Data Preparation

LipiDetective works with two file formats: HDF5 for training and evaluation, and mzML for prediction on new spectra.

Supported Formats

HDF5 (Training & Evaluation)

HDF5 files store pre-processed tandem mass spectra under a single group /all_datasets/. Each spectrum is stored as a dataset (not a group) with a 2×N array where row 0 is m/z values and row 1 is intensities.

Metadata is stored as HDF5 attributes on each dataset:

Attribute

Type

Description

lipid_species

string

Lipid species name (empty string for unlabeled data)

adduct

string

Adduct type (e.g. [M+H]+)

precursor

float

Precursor m/z value

polarity

string

"pos" or "neg"

scan_index

int

Scan index from the source file

level

int

MS level (2 for MS/MS)

source

string

Source file name

Example HDF5 structure:

/all_datasets/
├── "PC 34:1 | pos | nist | 042"    # dataset: float64 array (2, N)
│   ├── attrs["lipid_species"] = "PC 34:1"
│   ├── attrs["adduct"] = "[M+H]+"
│   ├── attrs["precursor"] = 760.585
│   ├── attrs["polarity"] = "pos"
│   └── ...
├── "PE 36:2 | neg | nist | 117"
│   └── ...
└── ...

Use H5Dataset to load HDF5 files in your training pipeline:

class H5Dataset(config: dict[str, Any], dataset_names: list[str], lipid_librarian: LipidLibrary, file_path: str)[source]
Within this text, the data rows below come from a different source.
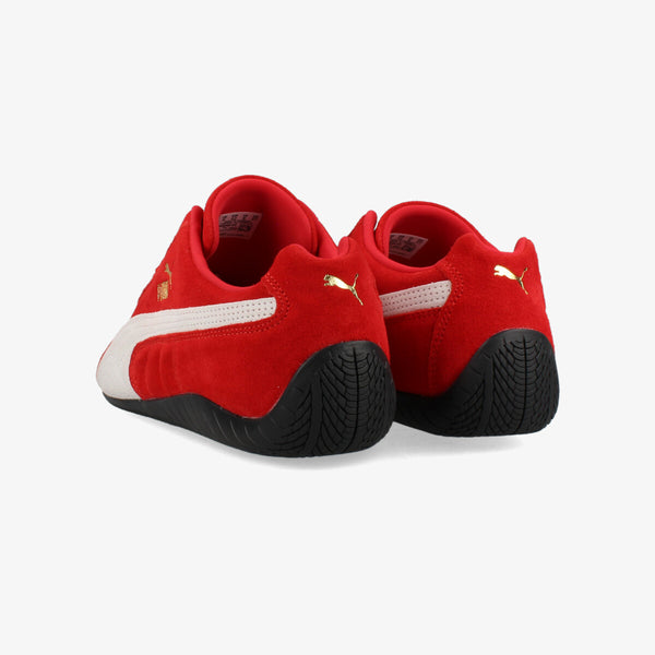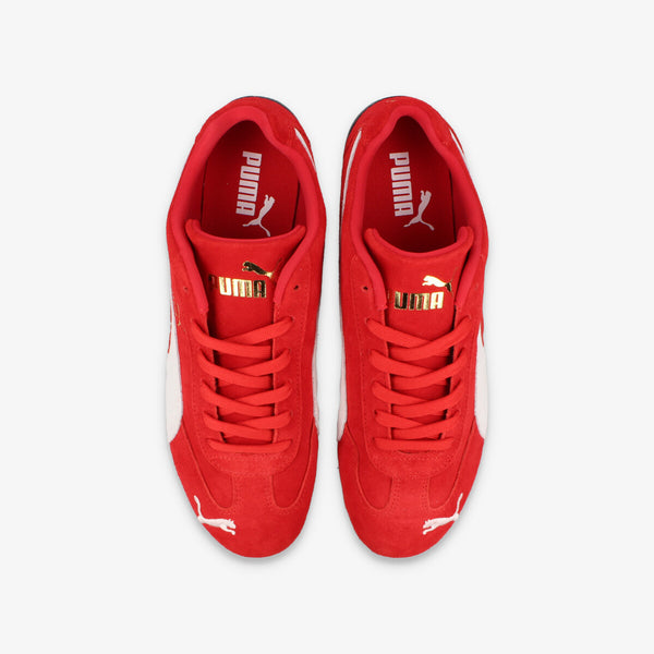 SPEEDCATは25年以上に渡って、スピード、精密さ、比類のなきパフォーマンスの代名詞であり、レーシングカルチャーのシンボルでした。もともと耐火性を備えたFormula 1®のフットウェアとしてリリースされたモデルですが、モナコのトラックを飛び越え、今や世界のファッション中心地のストリートへと進出しました。そのSPEEDCATが今再び柔らかいスエードと高級レザーを用い、オリジナルの赤と黒のカラーウェイで登場。前足部には新しいPUMAキャットロゴを備えています。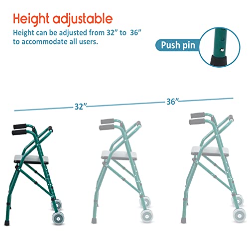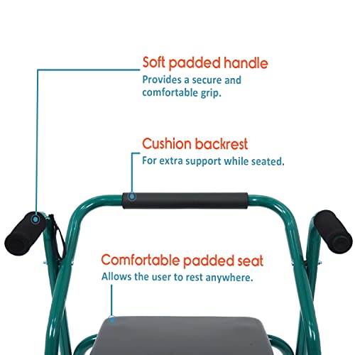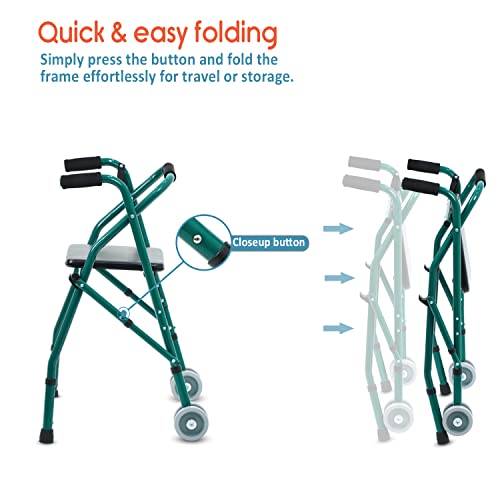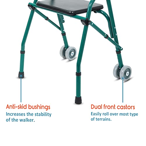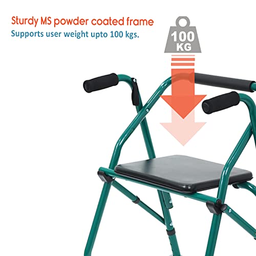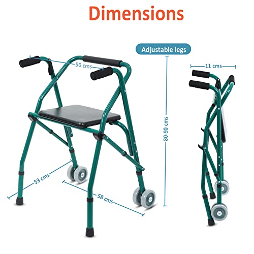 Kosmocare Premium Imported Folding Comfort Walker With Seat Incl. 2 Pairs Of Dual Front Wheels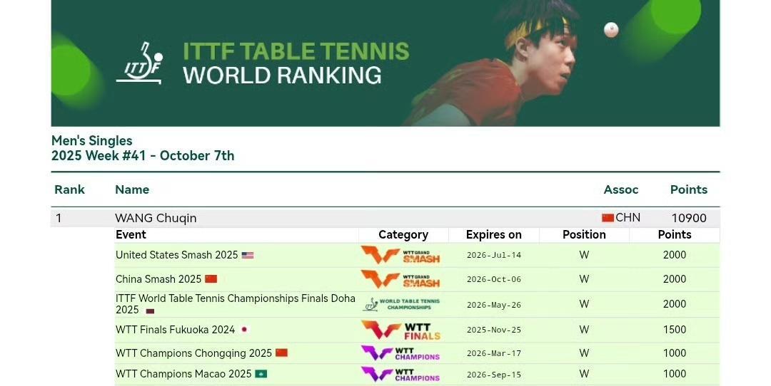 整整一年,王楚钦一直追赶太阳奔跑,也成了万分猛男 2024年10月8日,孙颖莎凭借中国大满贯女单冠军收获2000积分,以10800总积分成为首位积分破万的女运动员。 整整时隔一年,2025年10月7日,王楚钦同样凭借中国大满贯男单冠军,收获2000积分,以总积分10900成为首位积分破万的男运动员。 啥也不说了,就两个字:般配!又可以肩并肩一起向前跑啦! #万能生活指南#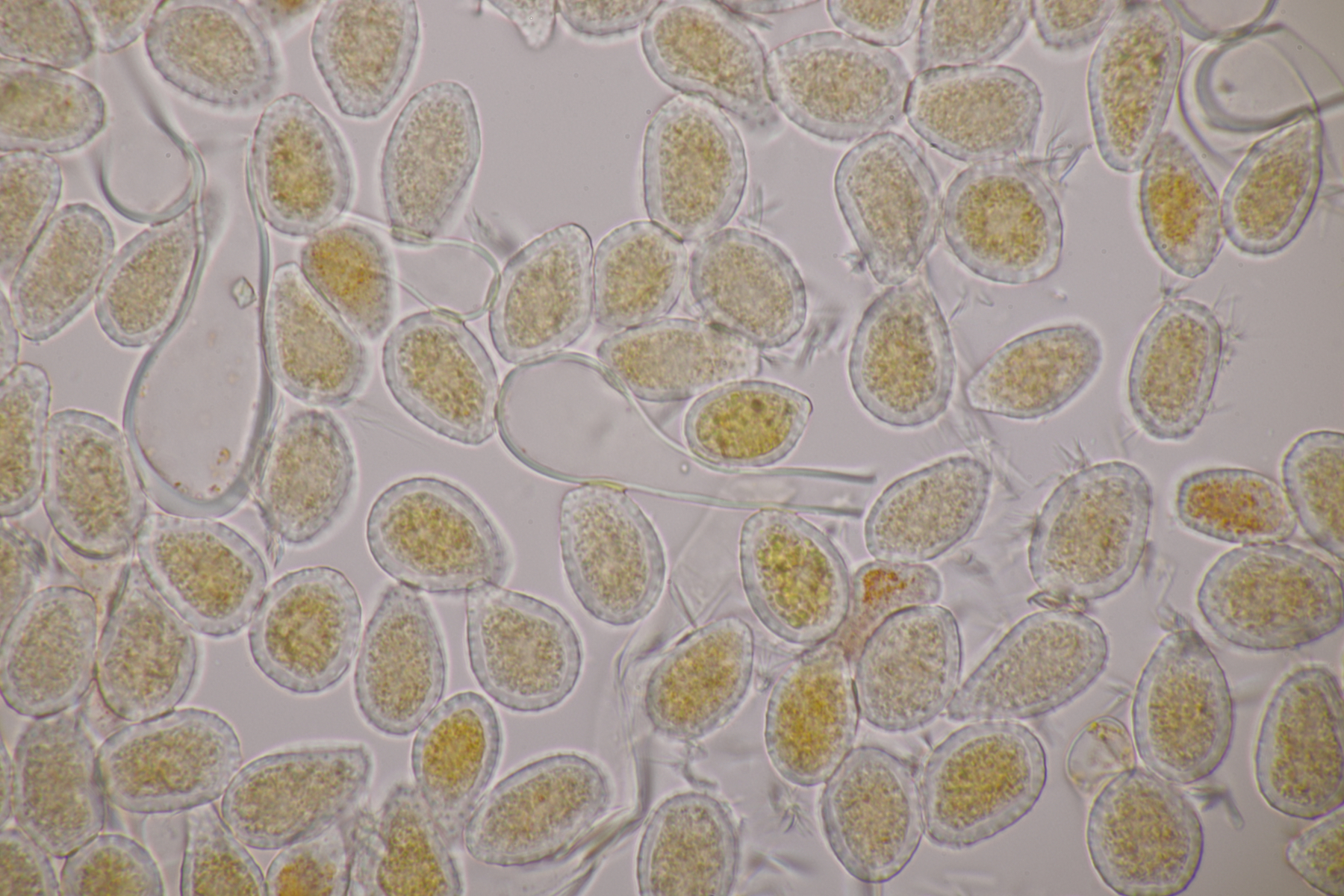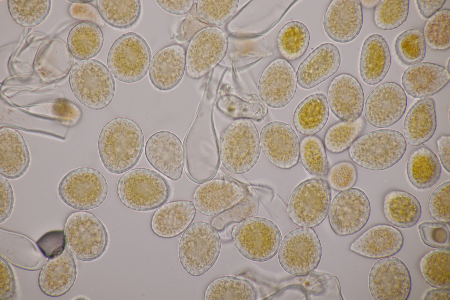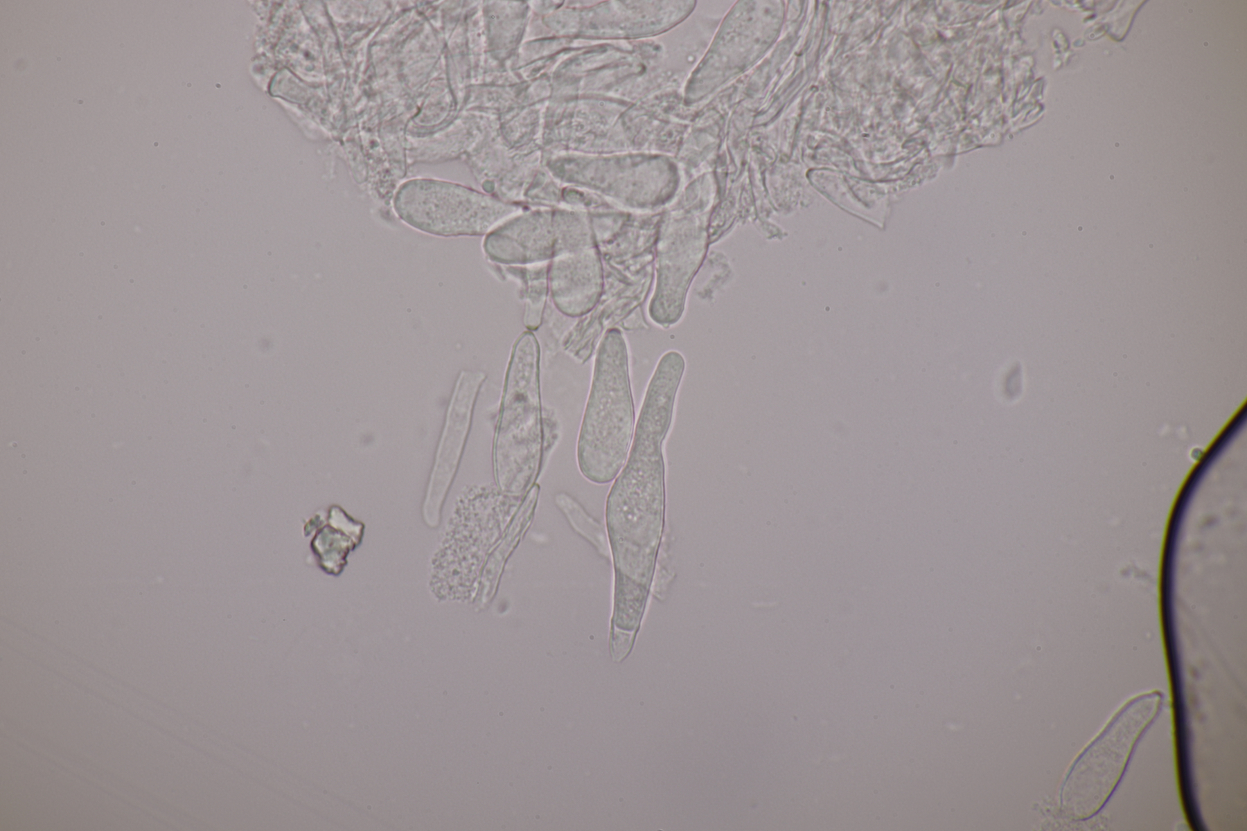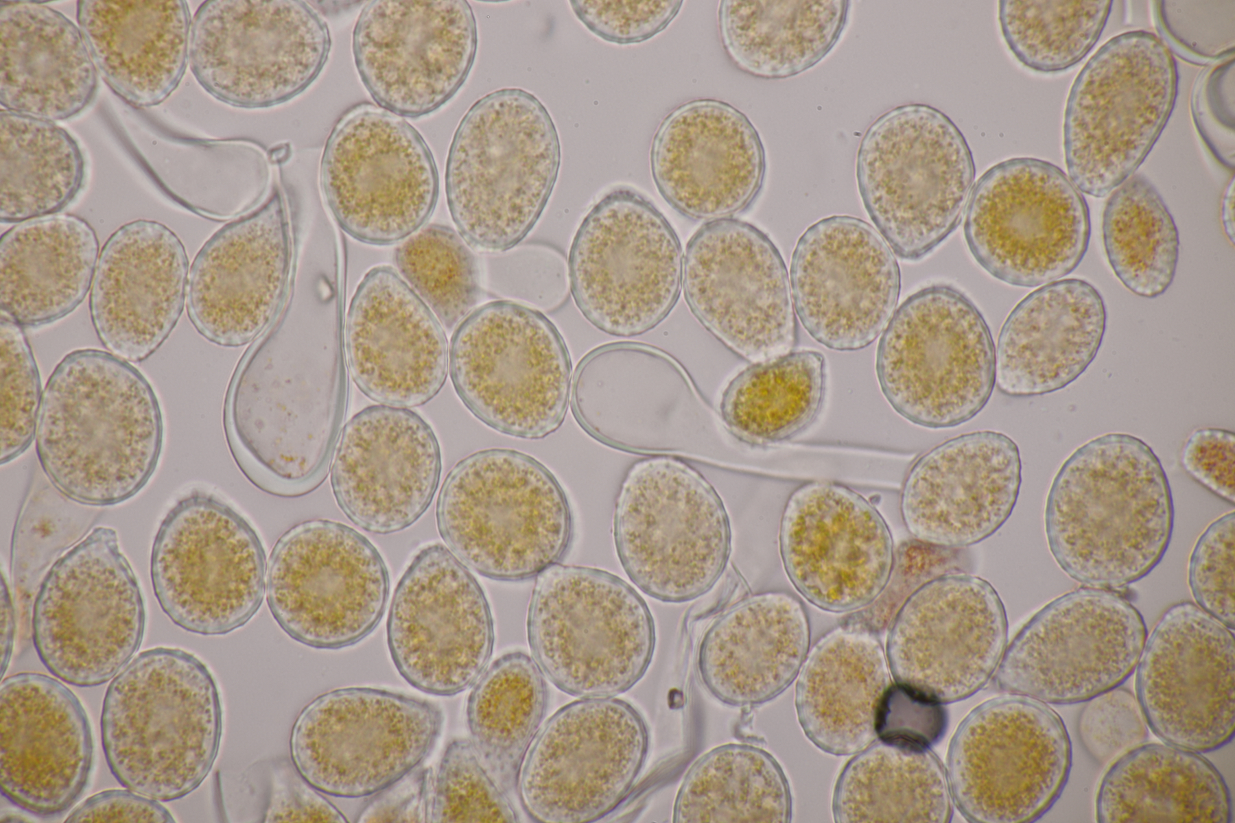 Ansonsten was das Mikroskopieren dieser Glibberpilze angeht: Man muß nur wenig genug Pilzmaterial nehmen, dann läßt sich das gut quetschen und man bekommt schöne Präparate.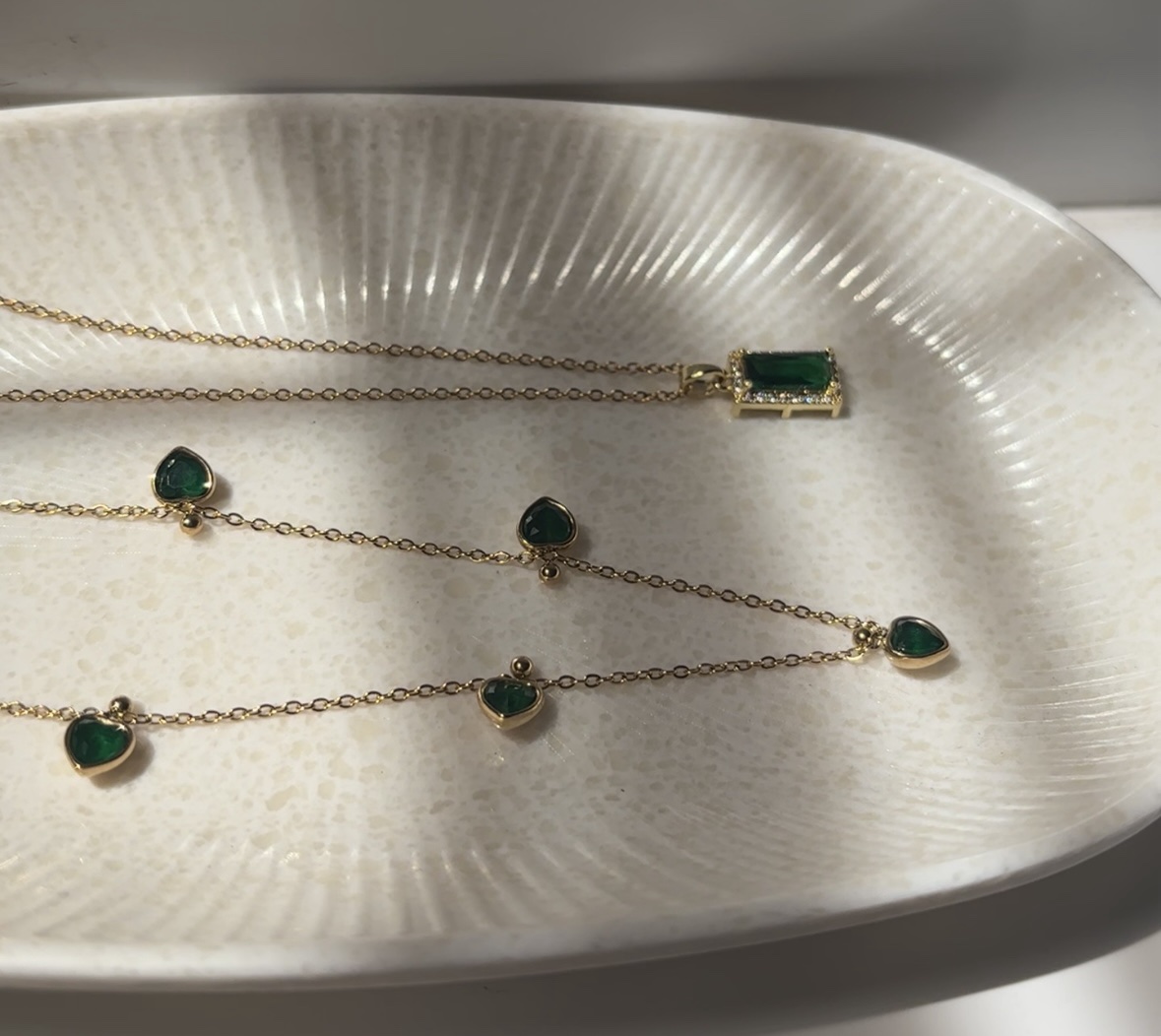 Add a touch of elegance with this delicate layered chain necklace, adorned with alternating emerald-green and crystal-clear heart charms. Each charm is set in a sleek gold finish, giving a refined yet minimal look perfect for everyday wear or special occasions.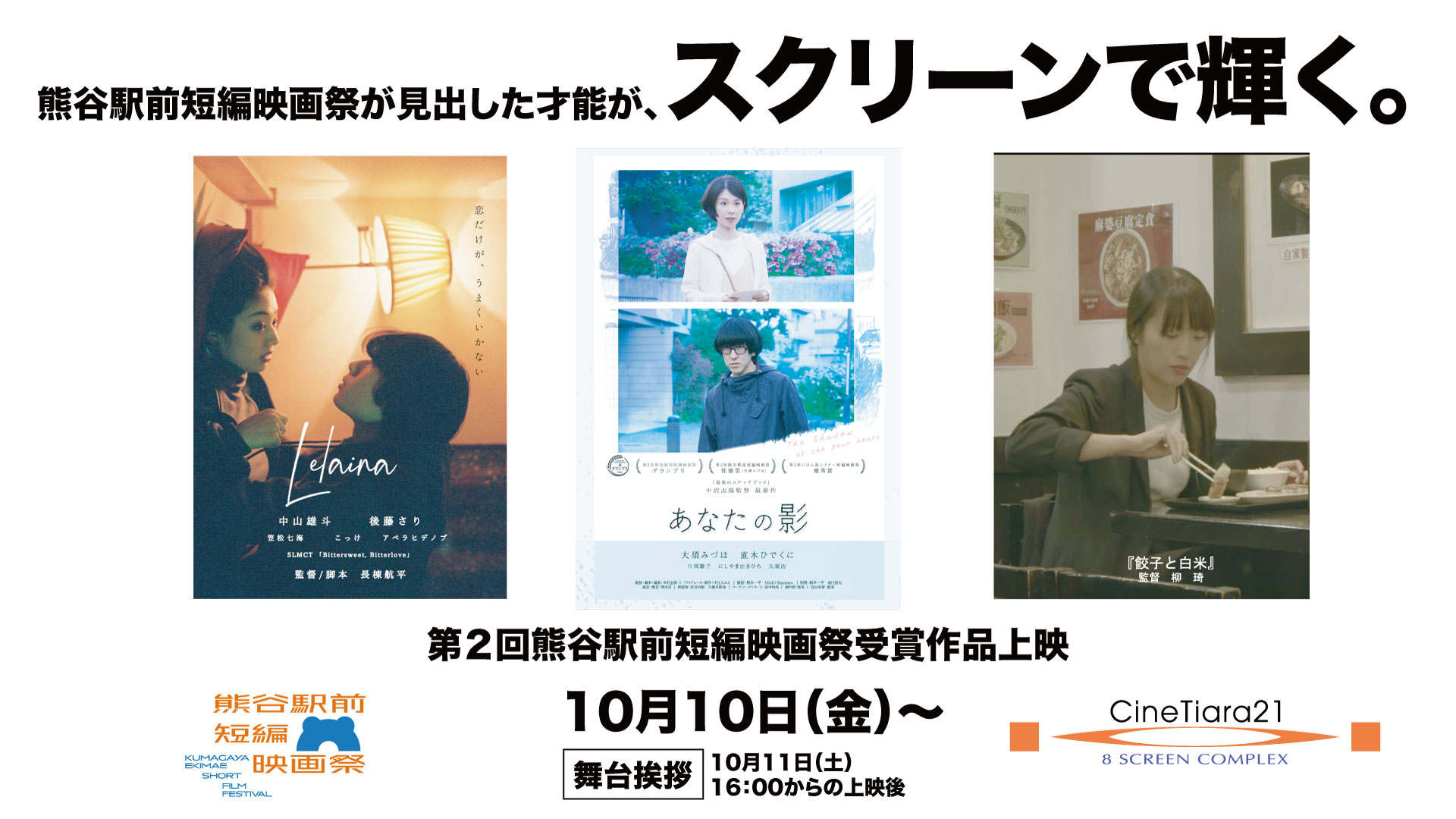 埼玉県熊谷市で開催される、熊谷駅前短編映画祭では、受賞した作品の一部を商業映画館で商業上映を行います。2025年10月10日からシネティアラ21で以下の3作品を上映します…

This class implements a custom PyTorch dataset. It handles reading in the training data from HDF5 files. It overrides the __getitem__ method to return the processed spectrum and its metadata for a sample at a given index.

file_path

The path to the HDF5 file

Type:

str

dataset_names

list of dataset names in the HDF5 file group “all_datasets”, used to access samples by index

Type:

list

dataset_len

An integer count of the samples in the HDF5 file

Type:

int

hdf5_file

the opened HDF5 file, set to None during initialization and set once first sample is requested

Type:

h5py.Dataset

config

Dictionary containing the information from the config.yaml file

Type:

dict

network_type

String of the network type specified in the config.yaml file

Type:

str

decimal_accuracy

Integer indicating the decimal accuracy to which the mass spectra should be binned

Type:

int

lipid_librarian

LipidLibrarian instance used for generating the label for a sample

Type:

LipidLibrary

get_n_highest_peaks(spectrum: ndarray, n_peaks: int) ndarray[source]

Processes the spectrum for a sample in the H5Dataset to prepare it as input for the model.

Parameters:
  • spectrum (np.ndarray) – the spectrum extracted from an HDF5 dataset containing m/z and intensity arrays

  • n_peaks (int) – maximum number of peaks to be fed into neural network

Returns:

the spectrum containing the number of peaks specified in n_peaks and sorted by descending intensity

Return type:

np.ndarray

bin_spectrum(spectrum: ndarray) ndarray[source]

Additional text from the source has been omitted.